* _Assignment_
An exact restatement is required. Cover only the lines of the records from the first through the line with "1、打开软件,点击上方的壁纸库选项;", and skip pictures.

* _Records to process_
--- START ---
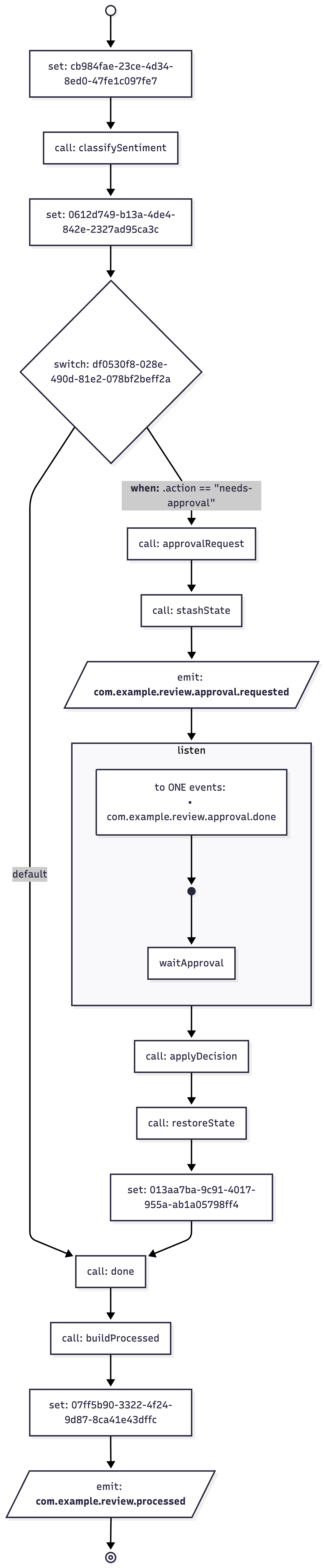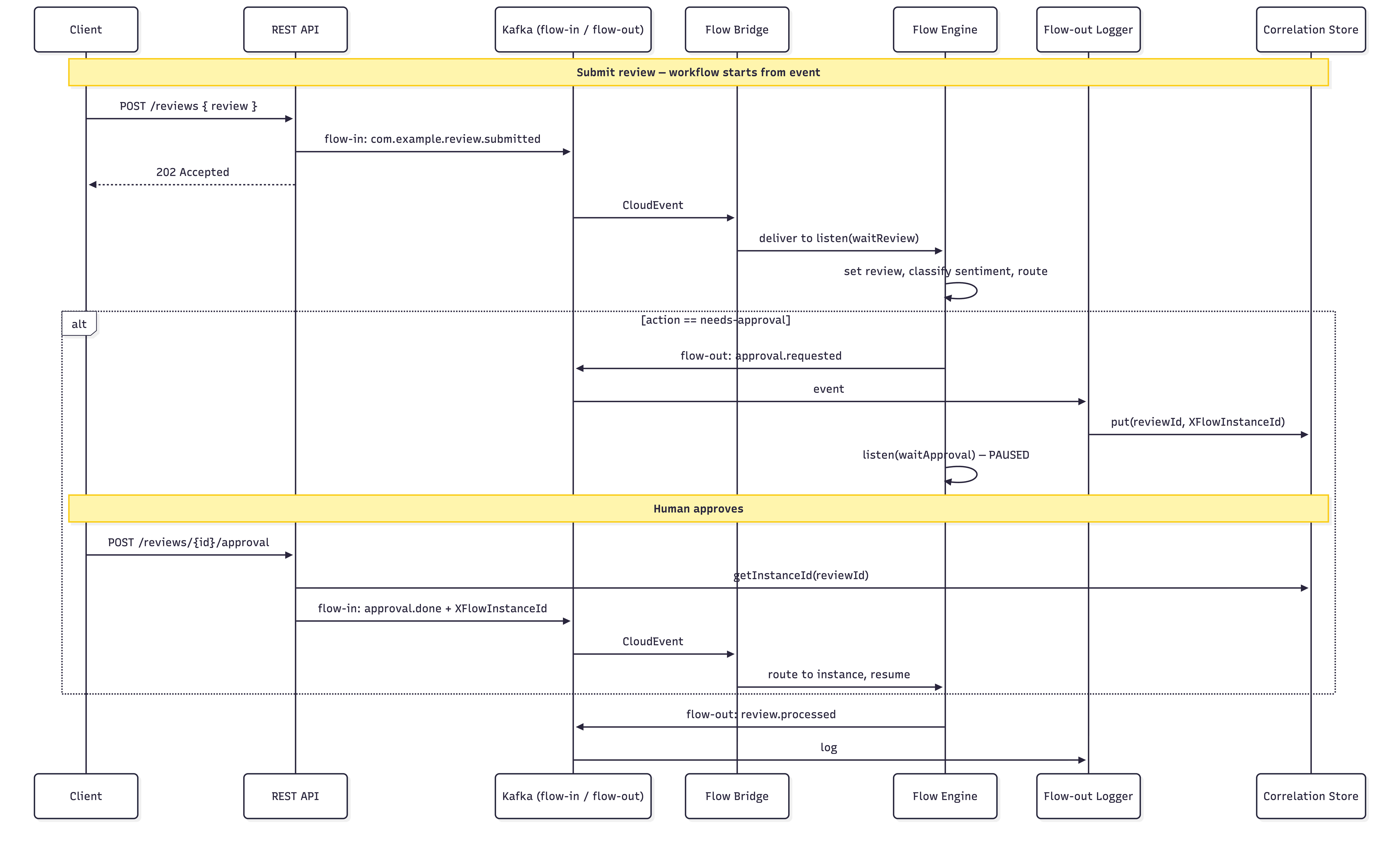 The workflow is event-driven. It starts when a com.example.review.submitted CloudEvent arrives on the flow-in topic. The Flow bridge delivers it to the engine, and the workflow processes it.
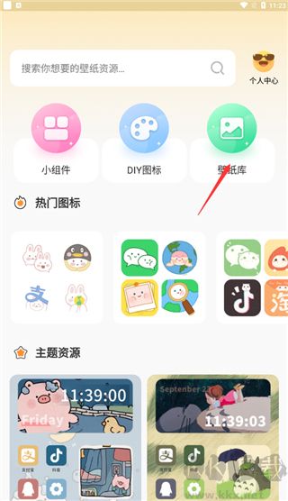 1、打开软件,点击上方的壁纸库选项;
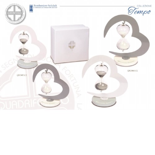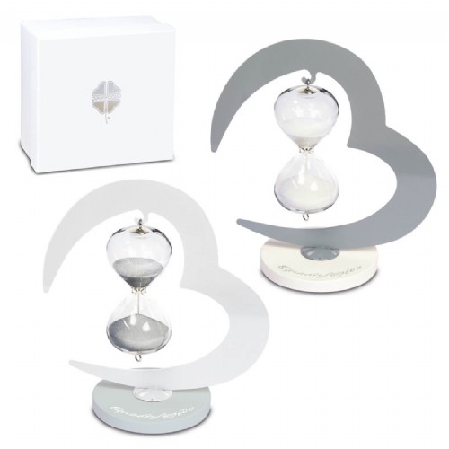 Realizzata in pregiato vetro trasparente, la clessidra poggia su un'elegante base in metallo che disegna un cuore stilizzato, rendendola il dono ideale per celebrare Matrimoni, Comunioni o Cresime. La sabbia, che scorre per circa 50 secondi, invita a un momento di riflessione sulla bellezza del tempo trascorso insieme.
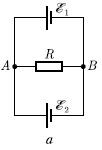 23. Два источника, ЭДС которых ε1 = 2 В ε2 = 4В, соединены, как показано на рис. а. Внешнее сопротивление R = 1 Ом, а внутренние сопротивления источников r1 = r2 = 0,5 Ом. Определите силы токов, протекающих через источники и внешнее сопротивление.
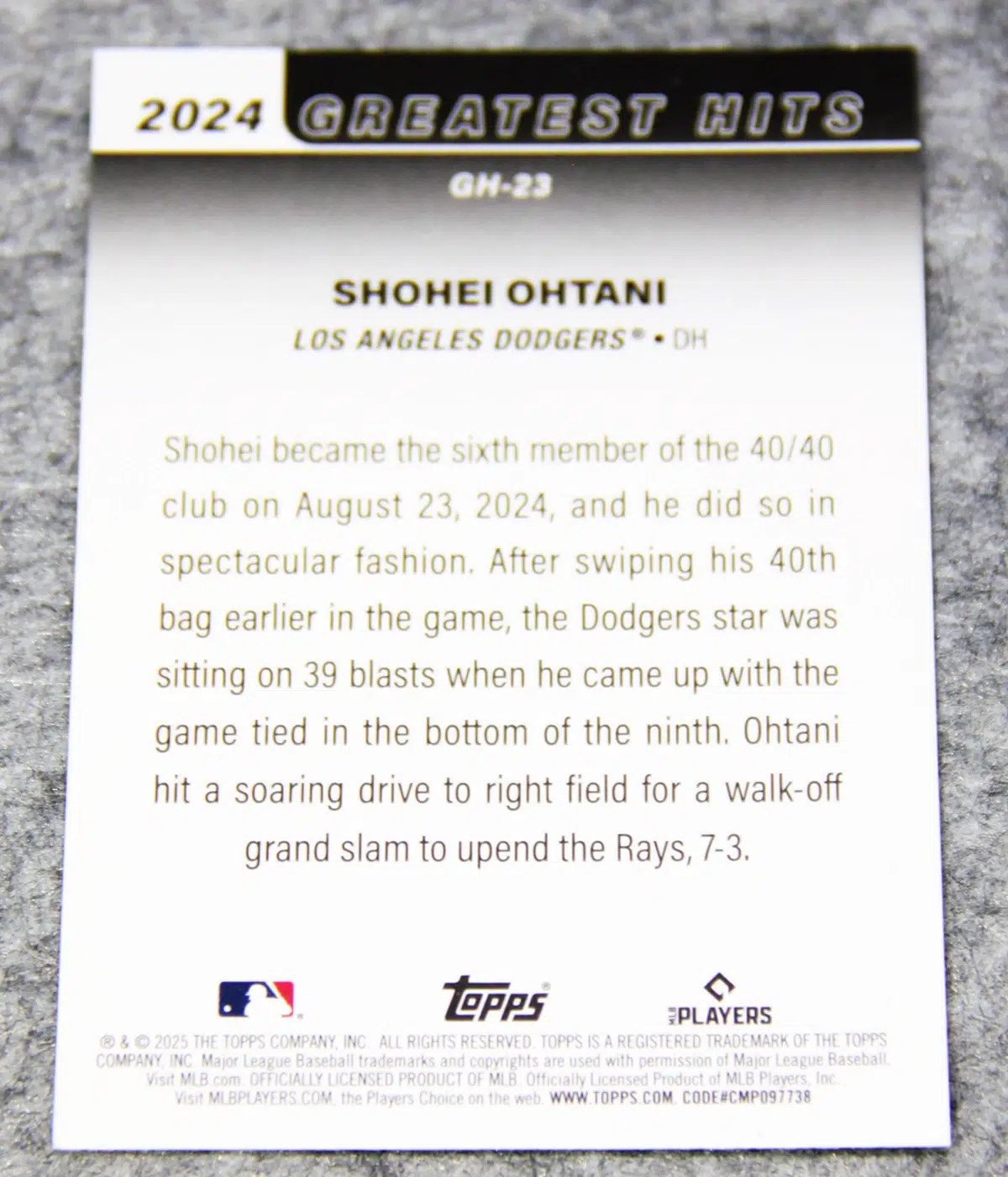 - Set: Topps Baseball Series 1 2024 Greatest Hits Walk-Off Grand Slam to 40/40 Player
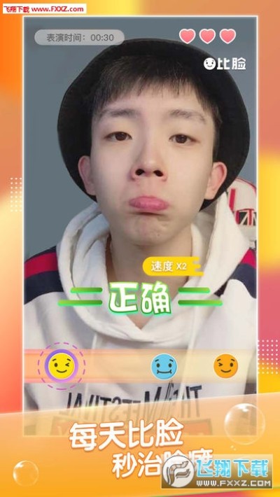 比脸app是一款趣味魔性娱乐软件,比脸app苹果版为用户提供一个好玩的脸部跳舞机,用户需要根据表情设定来完成各种表情,展现你的喜怒哀乐,快下载软件来挑战你的脸部表情包吧。
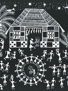 Warli painting is monochromatic, mostly in white pigment, through basic geometric expressions- a circle, a triangle, and square. The central motif of these rituals are paintings, hunting, fishing, farming, festivals, dances, trees & animals. A common pattern in Warli art is circles without ends or beginnings. These circles represent their belief that death is a new beginning rather than an end.
--- END ---
* _Response to the task_
 The workflow is event-driven. It starts when a com.example.review.submitted CloudEvent arrives on the flow-in topic. The Flow bridge delivers it to the engine, and the workflow processes it.
 1、打开软件,点击上方的壁纸库选项;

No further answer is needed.